> [WORK REQUIRED]
Line by line, repeat the material below exactly and skip the images.

> [THE DATA]
"""

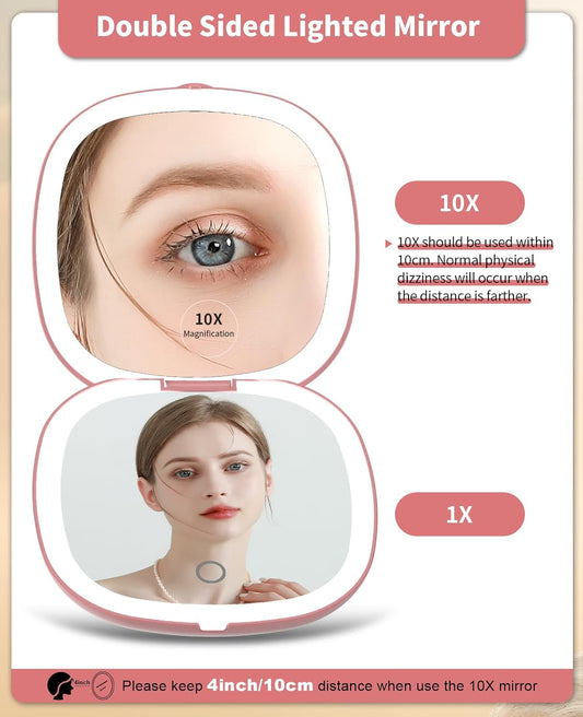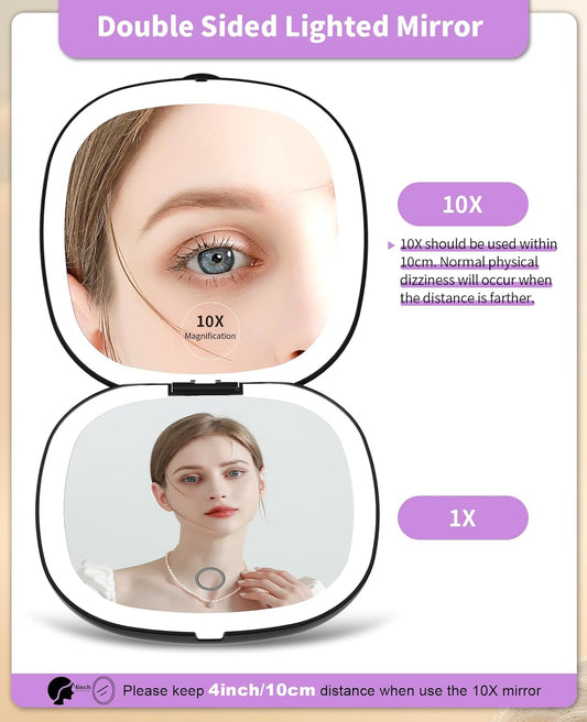 Portable LED Makeup Mirror - Compact Travel Mirror with Light, 10X Magnification, Adjustable Brightness, Rechargeable, for Her, Travel Accessories for Women, Ideal for Purse
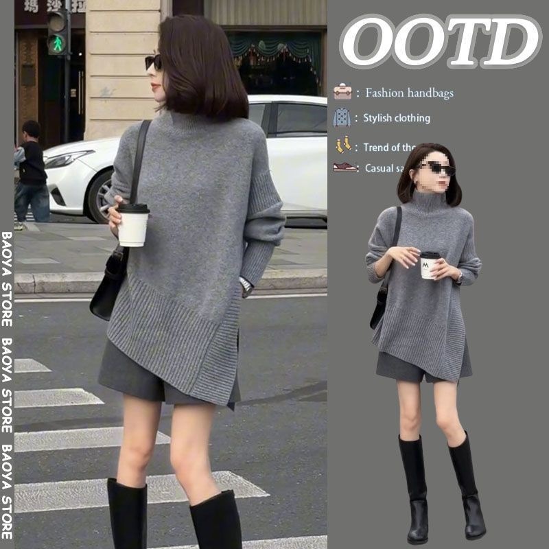 ChicShe New Winter Korean Style Loose Slimming Pullover Irregular Knitted Sweater Casual Versatile Shorts Two-Piece Set
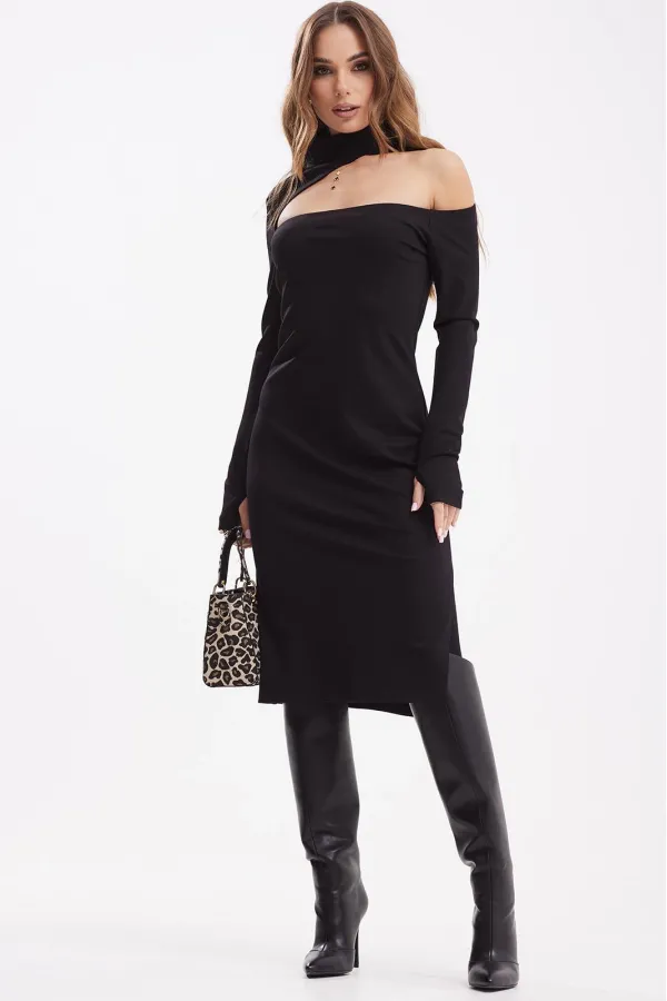 Платье прилегающего силуэта из трикотажного полотна. Воротник стойка. Застежка в среднем шве спинки на потайную молнию. Слева разрез 29см. Рукав длинный с отверстием для большого пальца. По переду вырез асимметричной формы с открытым левым плечом.
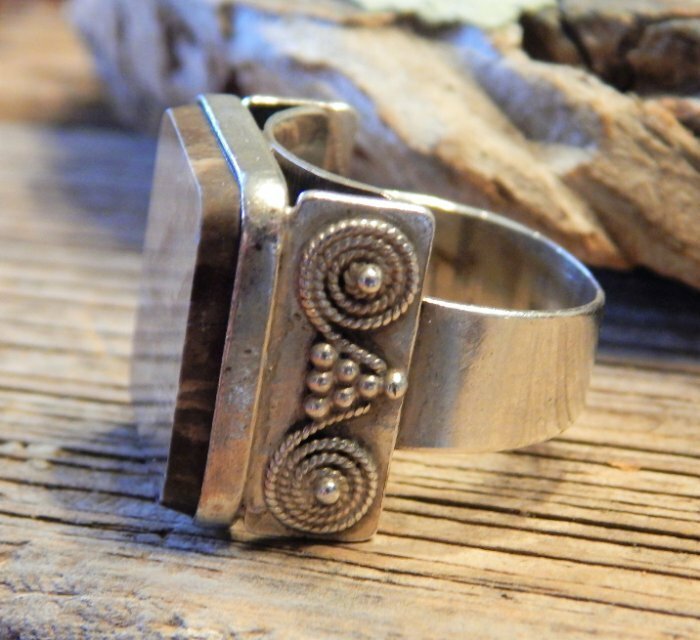 Vintage USSR Russia Soviet Hallmarked 875 Silver Charoite Stone Ring sz 7.25

"""

> [SOLUTION FOR THIS PROBLEM]
 Portable LED Makeup Mirror - Compact Travel Mirror with Light, 10X Magnification, Adjustable Brightness, Rechargeable, for Her, Travel Accessories for Women, Ideal for Purse
 ChicShe New Winter Korean Style Loose Slimming Pullover Irregular Knitted Sweater Casual Versatile Shorts Two-Piece Set
 Платье прилегающего силуэта из трикотажного полотна. Воротник стойка. Застежка в среднем шве спинки на потайную молнию. Слева разрез 29см. Рукав длинный с отверстием для большого пальца. По переду вырез асимметричной формы с открытым левым плечом.
 Vintage USSR Russia Soviet Hallmarked 875 Silver Charoite Stone Ring sz 7.25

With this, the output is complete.